98Behaviour genetics methodology cannot take account of genes having opposite effects because (1) it is based on the additive model and (2) it is concerned with analysis of variance and not effects of genes. It has no contribution to make in the genomic era. Indeed, we need to move away from Fisher’s (1918) idea of the effect of a gene that is the basis of quantitative genetics and embrace a new concept, namely, the regulatory role of a gene. It is likely that most human traits are regulated by genes, some of which have + effect and some others have – effect. Behaviour genetics methodology cannot take account of both types as it is based on the concept of the additive effects of genes.
99Heritability analysis of behaviour genetics rests on three legs: (1) The nineteenth century nature–nurture ideas of Galton, (2) Fisher’s (1918) genetics and (3) Jinks and Fulker (1970). If one accepts the concept of evolution by adaptation, then many of our behavioural traits evolved when our ancestors tried desperately to adapt to the environment. That environment is gone. Therefore, Galton’s idea of separation of nature and nurture effects is not realistic. Moreover, the effects of two factors can be separated only by properly designed experiments in which the levels of the two factors are under the control of the experimenter. Such experiments are not possible on human beings. Fisher’s genetics predates our understanding of chromosomal inheritance. His basic assumption that genes segregate independently is not correct because all genes on a chromosome segregate together. Moreover, his kinship correlation formulae are wrong (Vetta, 1976a). Vetta also pointed out the algebraic error in Jinks and Fulker (1970). Thus, none of the three legs would support anything.

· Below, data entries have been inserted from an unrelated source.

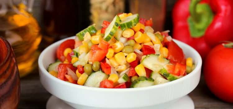 Свіжі овочі порізати кубиками. Викласти в салатник кукурудзу та горошок, додати нарізані овочі, спеції. Все перемішати, збризнути лимонним соком.
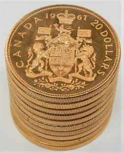 Canadian Centennial $20.00 gold coins being sold for just 95% of the actual gold value. These were struck by the Canadian mint as part of the commemorative series of coins for Canada’s 100th anniversary 50 years ago. Each of the 337,688 $20.00 gold coins produced are of 90% gold purity and contain 0.5288 oz. of actual fine gold. They are being sold on a fist come first sold basis only. Just to make it clear; we are selling each coin for 5% LESS than the actual gold value they contain. There is no catch. If you know a proud Canadian who would appreciate such a gift come and get one while you can. We only have a few available. For a current price check of gold clickhere. Please add 2% if payment is made using a credit card.
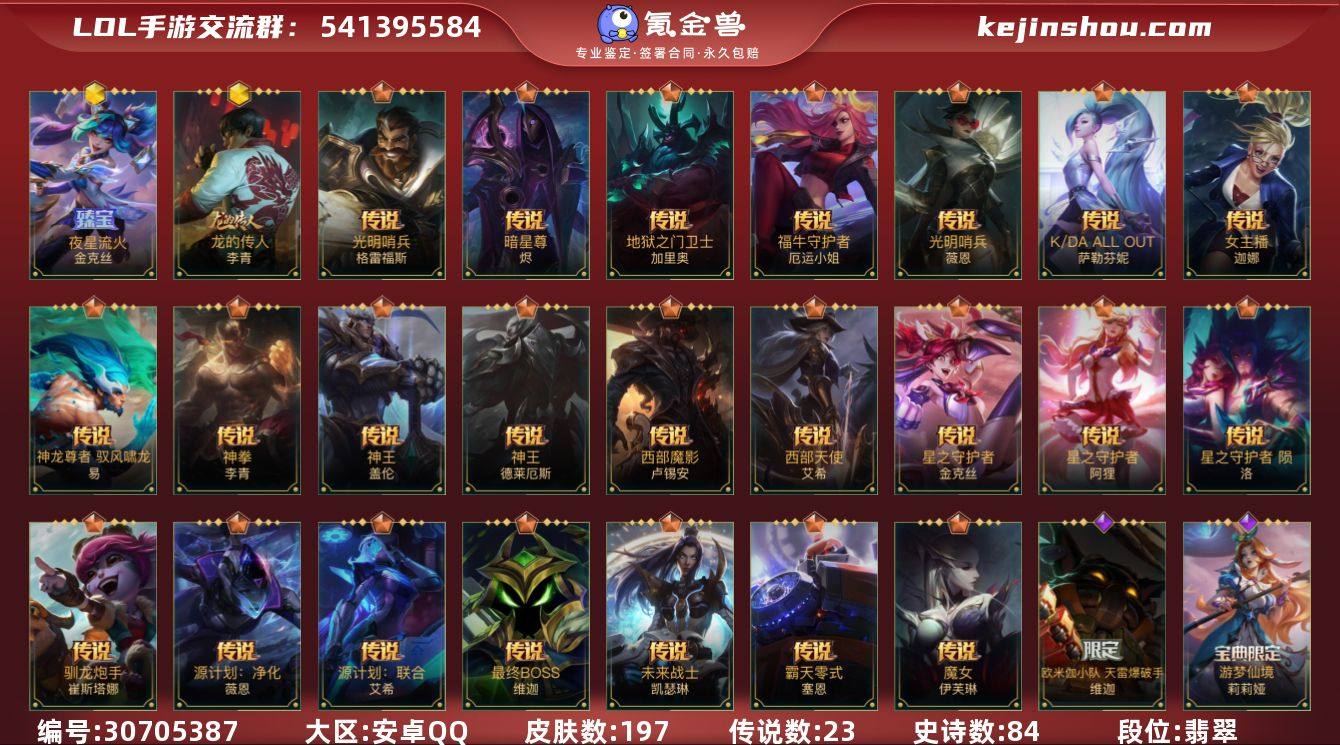 皮肤数:197 典藏皮肤数量:0 神话皮肤数量:2 传说皮肤数量:23 史诗皮肤数量:84 夜星流火 金克丝,龙的传人 段位:翡翠

100Most human traits involve assortative mating. Whenever behaviour geneticists fit a genetic model involving assortative mating, they use incorrect formulae (Capron et al., 1999). Heritability analysis would, at best, tell us that x% of the variation of a trait is “genetic”. It cannot tell us anything about the factors that affect the trait or how to improve it. It is a blind alley. Moreover, behaviour genetics confuses statistical concepts with genetic concepts. It is better to study the inheritance of a trait using the concept of the intensity of inheritance. Demographic behaviour, e.g. fertility, differs from other behavioural traits. Fertility and the factors that cause infertility differ in the two sexes. Heritability analysis should not be used for such a trait.
101Molecular and genomic sciences provide better avenues for research in demographic behaviour. Molecular research suggests that human traits could be regulated by genes. These genes can be “+ genes” or “– genes”, depending on their effect. Thus, the Fisherian concept of genes having only additive effects may be outdated. The concept of the species value of a gene that is similar to the concept of “place value of a number” may play an important role in the study of behaviour.